Several studies applying multifactorial approaches found that demographic and genetic factors, such as age at onset [1, 8], APOE ε4 genotype [8], and cognitive reserve [9,10,11], may influence the risk of progression from SCD to MCI and dementia.

Sex is a demographic variable which has been associated with AD: previous studies showed that two thirds of those diagnosed with AD are women [12]. Sex seems to have a role also on SCD prevalence, as several authors described a higher proportion of women in the SCD population [13,14,15] and a tendency for women to report more concerns associated with SCD than men [16, 17]. However, possible relationships between sex and SCD features have not been explored so far.

In particular, we hypothesized that sex might influence cognitive reserve [18]. Gender differences in the cognitive reserve have been previously described in AD patients, highlighting that AD women present lower education levels [18].

However, studies about cognitive reserve contributors are from mixed-sex cohorts and did not divide their samples by sex. Therefore, whether characteristics of cognitive reserve hold for both women and men is unknown [18].

To the best of our knowledge, no studies have analyzed the interaction between sex and cognitive reserve in SCD cohorts. In this scenario, we aimed to investigate gender differences in cognitive reserve evaluating how sex might modulate the role of cognitive reserve on SCD.

Materials and methods

Participants and clinical assessment

As part of a longitudinal, clinical–neuropsychological–genetic survey on SCD, we included 381 patients who were referred to the Centre for Alzheimer’s Disease and Adult Cognitive Disorders of Careggi Hospital in Florence between January 1994 and August 2020.

Inclusion criteria were (1) age at baseline > 40 years; (2) complaining of cognitive decline with a duration of ≥ 6 months; (3) normal functioning on the Activities of Daily Living and the Instrumental Activities of Daily Living scales [19]; and (4) unsatisfied criteria for dementia at baseline [20, 21]. Exclusion criteria were history of head injury, current neurological and/or systemic disease, symptoms of psychosis, major depression, alcoholism, or other substance abuse.

All participants underwent a comprehensive family and clinical history, general and neurological examination, extensive neuropsychological investigation, estimation of premorbid intelligence, and assessment of depression at baseline.
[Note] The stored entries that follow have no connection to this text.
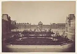 The gardens of what is now the Cour Napoléon with the Tuileries Palace in the background, photographed in 1859
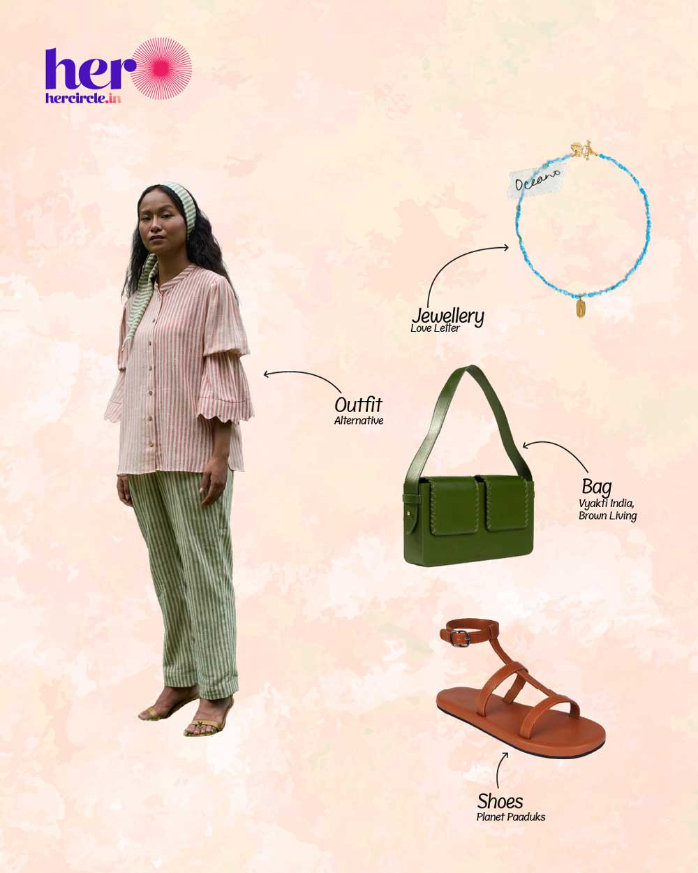 This one’s perfect for a day out! The scarlet top and moss pant set from Alternative makes a case for two-tone drama in soft, breathable cotton. Pair it with ocean-inspired accessories from Love Letter, vegan leather sandals from Planet Paaduks, and a structured cactus leather shoulder bag from Vyakti India.
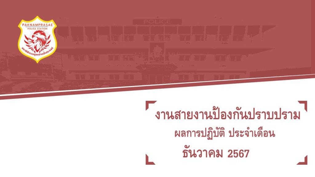 ผลการปฏิบัติงานสายงานป้องกันปราบปราม เดือน ธันวาคม 2567
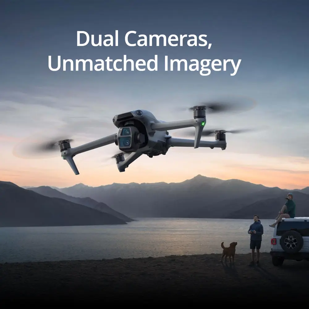 A dual-camera drone designed for travel photography, SkyDuo Pro integrates a suite of advanced technologies. Featuring a 1-inch-CMOS primary camera and a 70mm medium tele camera, each with up to 14 stops of dynamic range, [1] Air 3S captures landscapes, portraits, and more in stunning detail. Both cameras support the new Free panorama feature, which allows flexible shooting-range selections. Additional new highlights include nightscape obstacle sensing [2]and next-gen Smart RTH for enhanced safety during nighttime photography. In each and every way, SkyDuo Pro is designed to maximize every aerial moment.
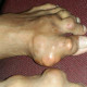 Kalau dilihat dari gambar-gambar ini yang disebut dengan Rheumatoid Arthtritis yaitu peradangan sendi yang hebat yang disebaboan dengan kadar asam urat didalam darah tinggi sehingga terjadi pengkristalan di setiap sendi makan tidak heran dilihat dari foto benjolan tersebut adanya di sendi-sendi tubuh, dan biasanya kalaupun sembuh biasanya meninggaloan cacat striktura di tempat sendi yanh di serang. Biasanya pengobatannya yany utama di berikan penurun asam urat allopurinol 300mg selamat 10 hari, terus dicari makanan yang di makan pasien yang menyebabkan kadar asam uratnya tinggi dan apabila pencetusnya telah ditemukan di suruh hindari makanan tersebut, dan di berikan obat lainnya sepert golongan nsaid meloxicam di racik bareng analgetik paracetamo, yerus diberikan racikan lagi campuran ranitidin dexamethasin, natrium diklofenak dan muscle relaxan eaperison seperti myonal, dan di berikan juga juga golongan neurotropik mecobalamine 500mcg
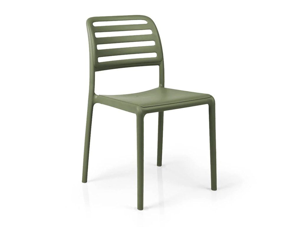 Stolička Costa Bistrot nadväzuje na tradičný taliansky dizajn s jednoduchými líniami a perforovaným operadlom, ktoré pripomína prirodzené drevené latovanie, no zachováva modernú, minimalistickú estetiku.
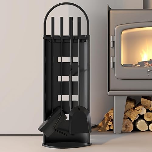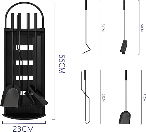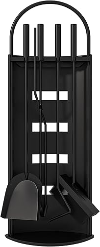 Kingson Kaminbesteck schwarz 5-teilig 22x16x66cm Komplettset für Kaminofen Kaminzubehör für effiziente Kaminpflege

One hundred fifty-five subjects underwent APOE genotyping. Positive family history was defined as one or more first-degree relatives with documented cognitive decline. Patients underwent clinical and neuropsychological follow-up every 12 or 24 months.

In all cases, there was a perfect correspondence between sex (the biological designation) and gender (the social construct).

The local ethics committee approved the protocol of the study. All participants gave written informed consent to participate in the study.

Neuropsychological assessment

All subjects were evaluated by means of an extensive neuropsychological battery standardized and described in further detail elsewhere [22]. The battery consisted of global measurements (Mini-Mental State Examination), tasks exploring verbal and spatial short-term memory (Digit Span; Corsi Tapping Test), verbal long-term memory (five words and paired words acquisition; recall after 10 min; recall after 24 h; Babcock short story immediate and delayed recall), and language (token test; category fluency task) [22]. Visual–spatial abilities were also evaluated by Rey–Osterrieth complex figure copy, and visuospatial long-term memory was assessed by means of recall of Rey–Osterrieth complex figure test [23]; attention/executive function was explored by means of dual task [24], phonemic fluency test [25], and trail making test [26]. Everyday memory was assessed by means of the Rivermead Behavioral Memory Test (RBMT) [27]. All raw test scores were adjusted for age, education, and gender according to the correction factor reported in validation studies for the Italian population [22,23,24,25,26,27].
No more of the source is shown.